While the book doesn’t touch on stream life, the trout fishing parent(s) could be a subject area to explore with the youngster(s). Looking at various nymph life that is trout food, identifying the species and working out which habitat (e.g. fast flowing water or slower areas or riffles) each prefers is an area to observe and study. Or how about eels, fascinating creatures, a fish of mystery in terms of going to sea to spawn? Or trout themselves, such as studying a fish killed for the dinner table and analysing the food eaten? How much is aquatic and how much is terrestrial, e.g. cicada, brown beetles, willow grub?
Leaving the watery environment how about did you know toadstools and mushrooms are one and the same? Or that many insects have compound eyes that can see backwards and forwards at the same time? That earthworms can feel pleasure and pain? It’s not just for kids, as adults’ curiosity can be stimulated to accompany their youngster and explore the natural world around them.
This book in encouraging kids to go investigating and observing Nature’s creatures is tailor-made for parent and child to do so together in a sort of scientific research project. Giselle Clarkson has set her text and illustrations out in comic book style making it immediately appealing to young minds.

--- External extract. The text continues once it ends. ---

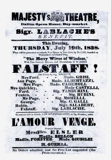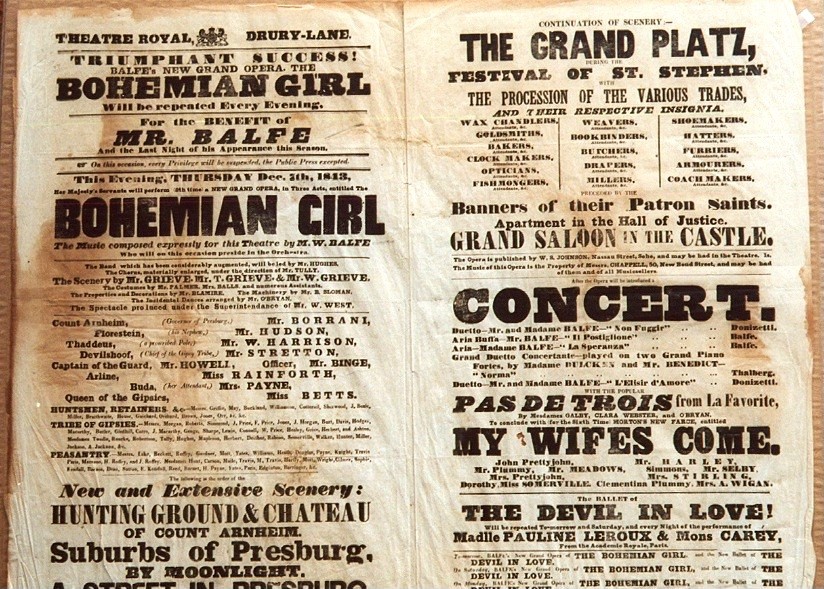 The Playbill for Balfe's most famous opera, The Bohemian Girl which premiered at the Theatre Royal Drury Lane, in November 1843.

Yet it will introduce readers, of all ages, to the world about them.
The authors text is written with humour, encouraging the fun element to surface from the young reader.
This book is an antidote to boredom that may invade young minds, an invitation to put aside the digital gadgetry and to go out and observe the natural world with curiosity to the fore.

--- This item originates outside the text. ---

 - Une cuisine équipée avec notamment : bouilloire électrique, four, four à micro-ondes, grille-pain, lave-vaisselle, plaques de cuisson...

The book has a sensitive touch, such as imparting advice on carefully handling earthworms or how to help an exhausted honey bee or bumble bee.

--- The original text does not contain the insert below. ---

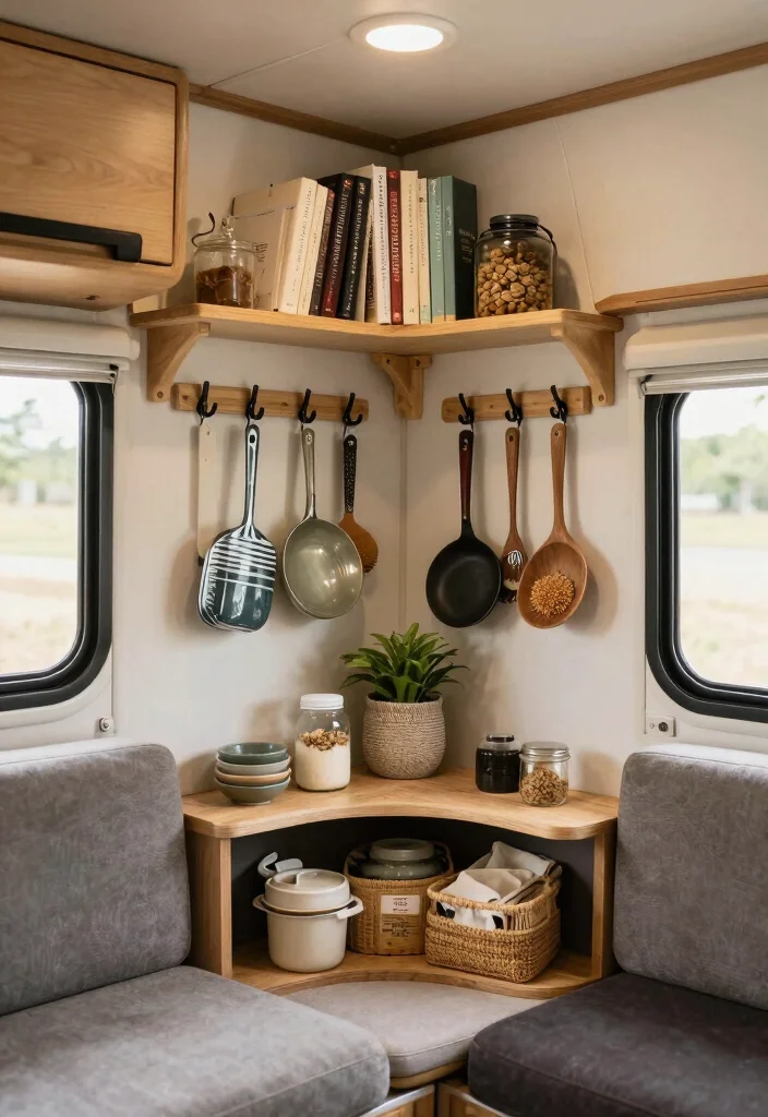 Every little space in your travel trailer can contribute to storage! Don’t underestimate the potential of nooks and crannies. Adding corner shelves can hold books or decorative items, while hooks inside cabinet doors can store pot lids or cutting boards.

The author herself a confessed observologist with “an insatiable curiosity for tiny creatures” was encouraged by her parents to go “gently poking around under rocks and logs”.
“Watching insects and looking for other tiny interesting things genuinely is one of my favourite hobbies,’ she says. “I hope my book gets children started or encourages them further, on a lifelong interest in the natural sciences. When you’re an observologist, you can always marvel at the cleverness of a spider’s work or be delighted by the patterns in a moth’s wing and a bit of everyday joy and wonder is something we can all use.”
“I think being a conservationist starts when you feel a personal connection to a plant or an animal or a place., and observing the quiet magnificence of a spider, a moth or dragonfly is a wonderful way to building that relationship with nature.”
The book should be introduced to every youngster and perhaps could be a standard primary school textbook?
Highly recommended for every family, kids and even the duo of parent and child to go observing and learning together.
A good idea. The goal of teaching kids about stream life is really to teach kids how to take care of their local rivers and streams.
A youngster can be shown how to collect macro-invertebrate samples. This simply meant dragging up some stones from the bottom of the stream, with a muslin net or like below, to see what kind of bugs and larva are there. It shows the kids that streams are a living ecosystem to not be ruined by pollution, or sedimentation or chemicals, e.g. nitrates.
Kids are losing their touch with nature due to technology. It’s recognised as a big problem so much so that kids spending too much time indoors has become so extreme that the crisis has a name given it by the “head shrinks” – Nature deficit disorder. NDD.
Encourage kids outside and they’ll learn much.
Wonderful idea. We need more of it. As an educator I have witnessed a decline in interest and competence in sciences in general over the last few decades. The problem lies in the lack os science competence in primary schools. This is improving and every tool we can give them improves the outlook for the childrens future; a future dominated by distance from the natural world and its inherent relationships.
The best advice I ever read about raising kids was from the “Slackers’ Guide to Raising Kids”: Tell them to “get outside.” Kick ’em out. They’ll soon figure out some mischief and adventure to fill in the hours. Here endeth the lesson.
Re: Frank Henry’s comment, nature deficit disorder, the book written by Richard Louv in 2008 explains this so called disorder very well. His book “Last child in the woods: saving our children from nature deficit disorder” is based on
his talks with parents, children, teachers, scientists, religious leaders, child-development researchers, and environmentalists who recognize the threat and offer solutions. Louv discusses an alternative future, one in which parents help their kids experience the natural world more deeply–and find the joy of family connectedness in the process.